### TASK BRIEF
An exact transcription of the listing, without its images, is what the answer must contain.

### MATERIAL PROVIDED
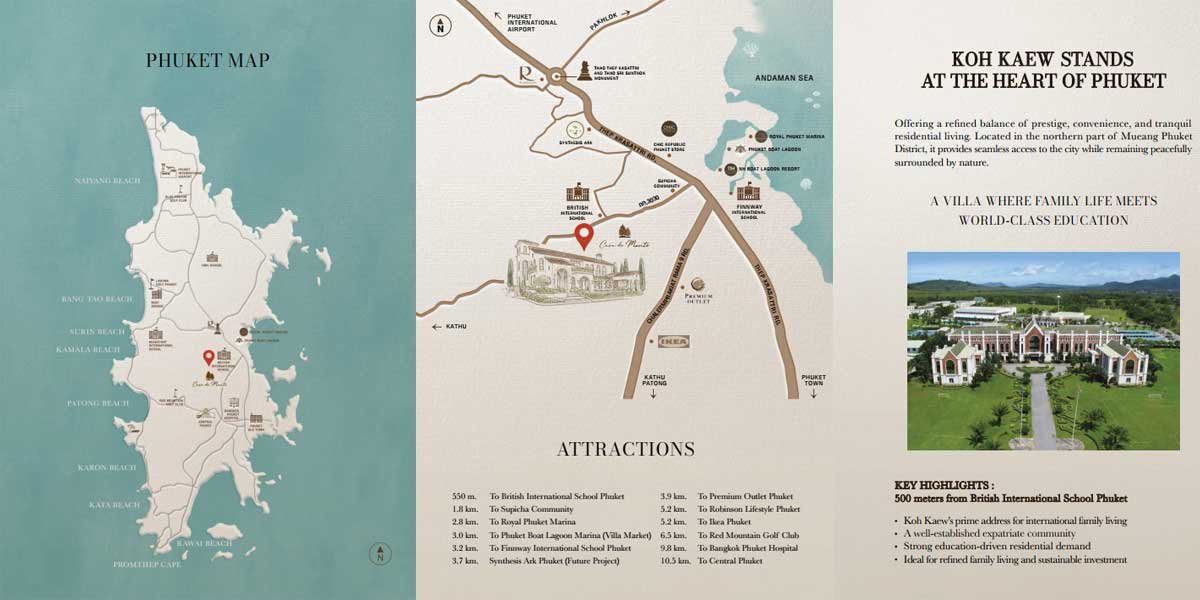 Casa de Monte sits in tranquil Koh Kaew, only 13.5 km from vibrant Patong yet worlds away from the hustle. You’re surrounded by leading international schools (HeadStart, Kajonkiet, and British International School nearby), top hospitals, and everyday conveniences like Central Phuket and Big C. Quiet beaches such as Khao Kad and Ao Yon are minutes away, while the airport is a smooth 30 minute drive. This balanced location appeals to families, expats, and professionals who want Phuket’s lifestyle without the tourist intensity — perfect for building a permanent base.
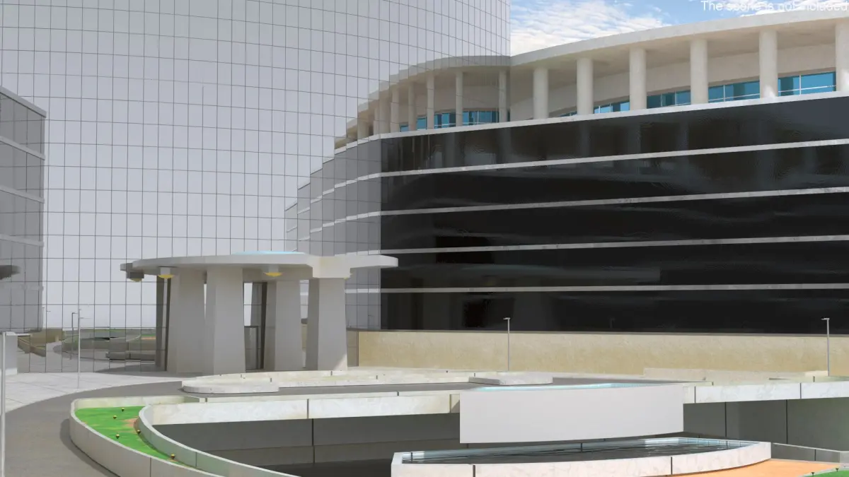 This digital model replicates the sleek, ultra-modern design of the skyscraper with its signature parabolic void near the top and a tapering form that emphasizes verticality and elegance. Surrounding structures and landscaped zones at the base are also modeled to provide context, making the complex suitable for cityscape integration. The reflective facade and clean geometrical lines are accurate to real-world proportions and visual details.
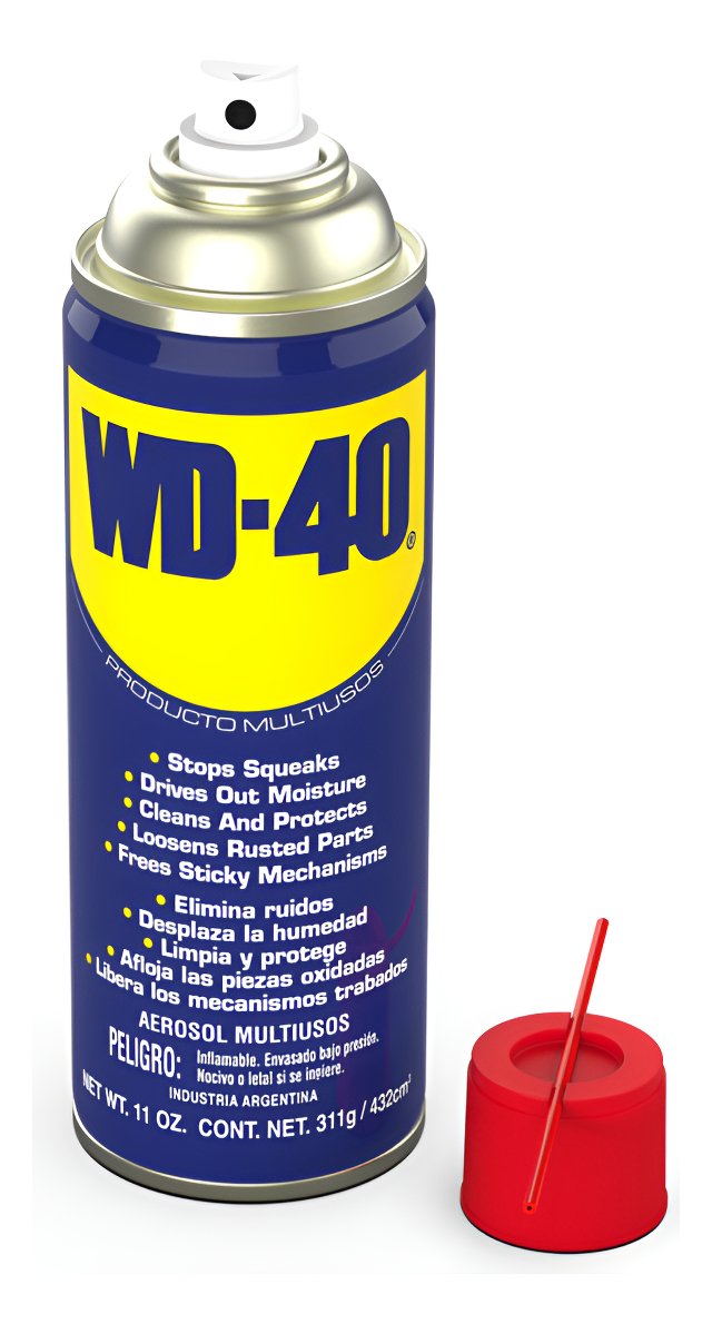WD-40® Producto Multi-Uso protege el metal contra el óxido y la corrosión, libera piezas atascadas, desplaza la humedad y lubrica prácticamente todo. Incluso elimina grasa, mugre y suciedad de la mayoría de las superficies.

### REPLY
 Casa de Monte sits in tranquil Koh Kaew, only 13.5 km from vibrant Patong yet worlds away from the hustle. You’re surrounded by leading international schools (HeadStart, Kajonkiet, and British International School nearby), top hospitals, and everyday conveniences like Central Phuket and Big C. Quiet beaches such as Khao Kad and Ao Yon are minutes away, while the airport is a smooth 30 minute drive. This balanced location appeals to families, expats, and professionals who want Phuket’s lifestyle without the tourist intensity — perfect for building a permanent base.
 This digital model replicates the sleek, ultra-modern design of the skyscraper with its signature parabolic void near the top and a tapering form that emphasizes verticality and elegance. Surrounding structures and landscaped zones at the base are also modeled to provide context, making the complex suitable for cityscape integration. The reflective facade and clean geometrical lines are accurate to real-world proportions and visual details.
WD-40® Producto Multi-Uso protege el metal contra el óxido y la corrosión, libera piezas atascadas, desplaza la humedad y lubrica prácticamente todo. Incluso elimina grasa, mugre y suciedad de la mayoría de las superficies.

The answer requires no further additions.